What is required: The lines below, from the first through the one containing "Компактный мужской кошелёк", are to be given again exactly, with pictures left out and nothing added.

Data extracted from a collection
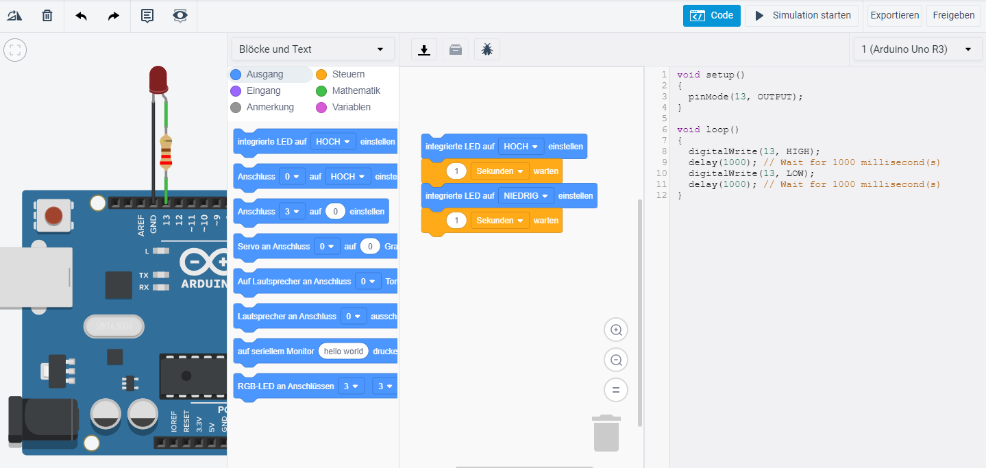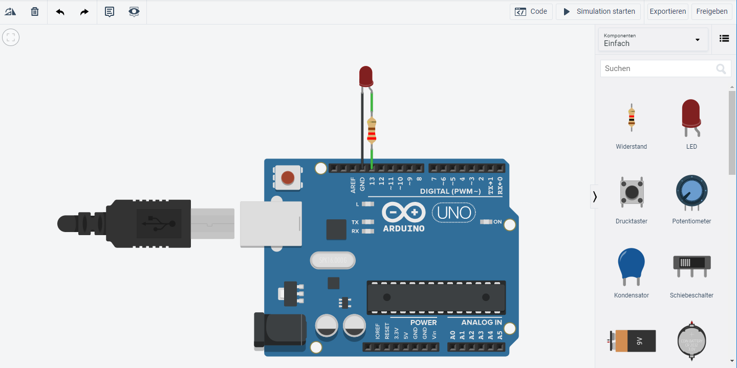 Nach dem wir uns nun mit dem Editor vertraut gemacht haben, können wir im nächsten Schritt den Code auf dem Arduino ausführen. Klicke dazu auf die Schaltfläche „Simulation starten„.
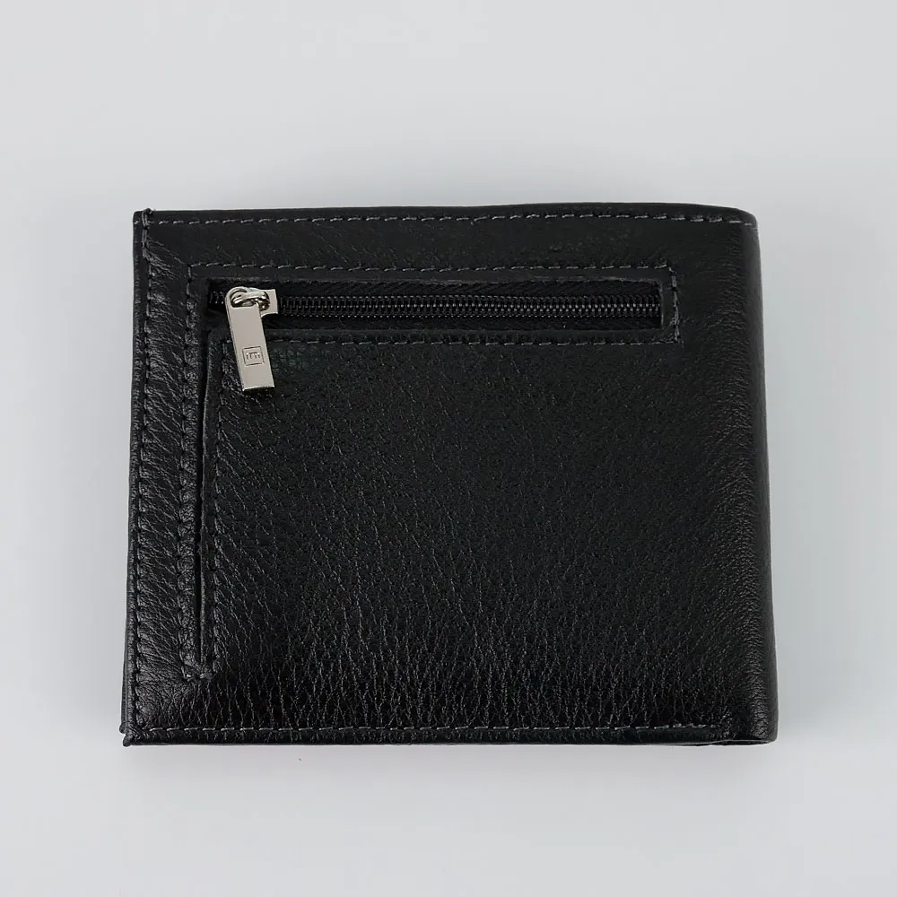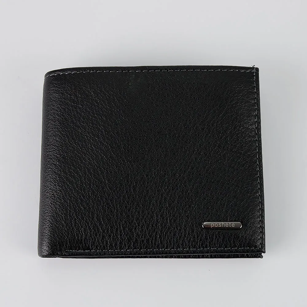 Компактный мужской кошелёк от бренда Poshete выполнен с чувством стиля из натуральной кожи в чёрном цвете. Внутри отделения для купюр и пластиковых карт. Кошелёк складывается пополам, фиксируется скрытым магнитом, раскрывается книжкой. Снаружи есть карман на молнии.
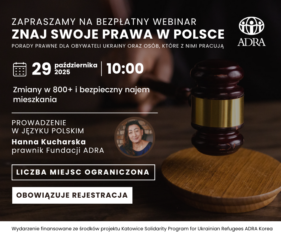 Po spotkaniu przewidziana jest możliwość zadawania pytań do prawniczki Fundacji ADRA – Hanny Kucharskiej, wyłącznie w zakresie tematów poruszonych podczas webinaru.
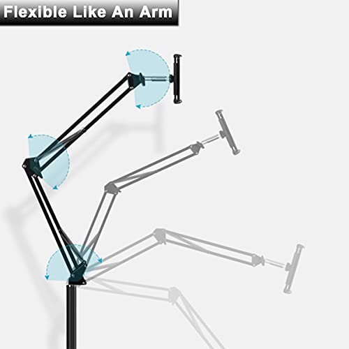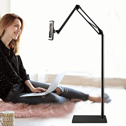Hmfmdy Supporto da pavimento regolabile universale per cellulare e tablet, girevole a 360 gradi, per tablet da 4,7 a 13 pollici Pro 10,5/9,7/12,9, iPad Air, Mini 2/3/4, Galaxy Tab, eBook - Nero
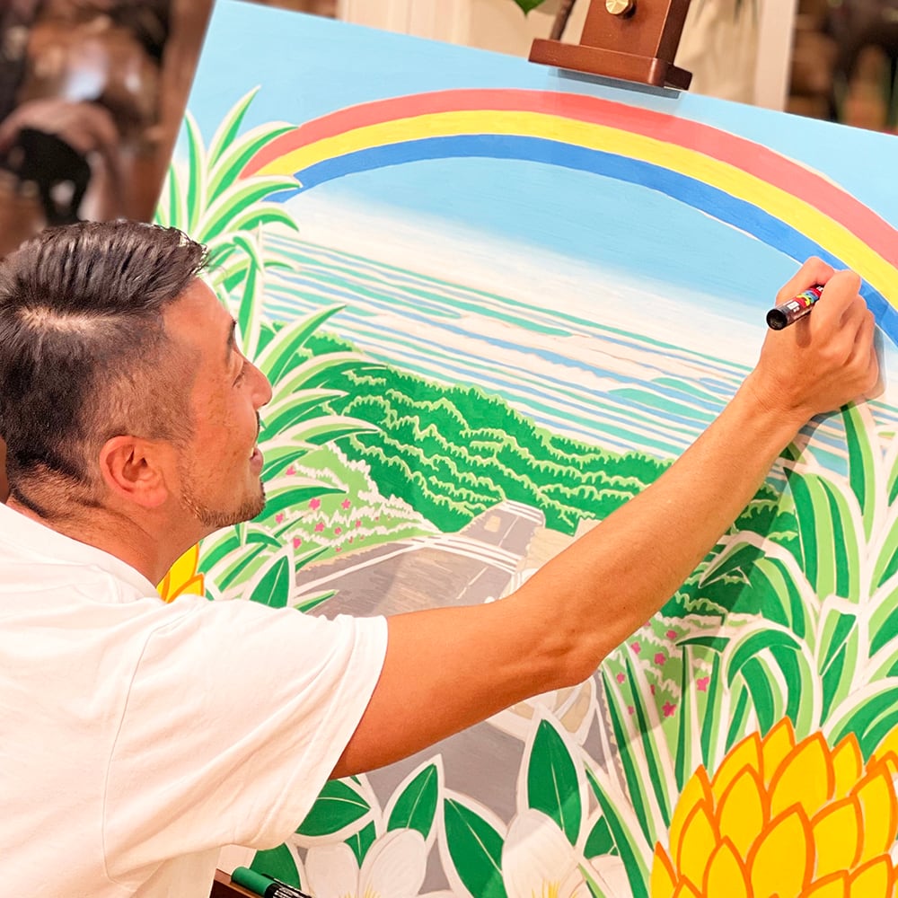 2023年、ワイキキのアウトリガー・ビーチコマー・ホテルロビーに作品を展示。同ホテル主催のアートイベント「テラス・オブ・モダン・アート(TOMA)」にも参加し、サーフボードのライブペイントを行うなど注目を集めた。

Answer:
 Nach dem wir uns nun mit dem Editor vertraut gemacht haben, können wir im nächsten Schritt den Code auf dem Arduino ausführen. Klicke dazu auf die Schaltfläche „Simulation starten„.
 Компактный мужской кошелёк от бренда Poshete выполнен с чувством стиля из натуральной кожи в чёрном цвете. Внутри отделения для купюр и пластиковых карт. Кошелёк складывается пополам, фиксируется скрытым магнитом, раскрывается книжкой. Снаружи есть карман на молнии.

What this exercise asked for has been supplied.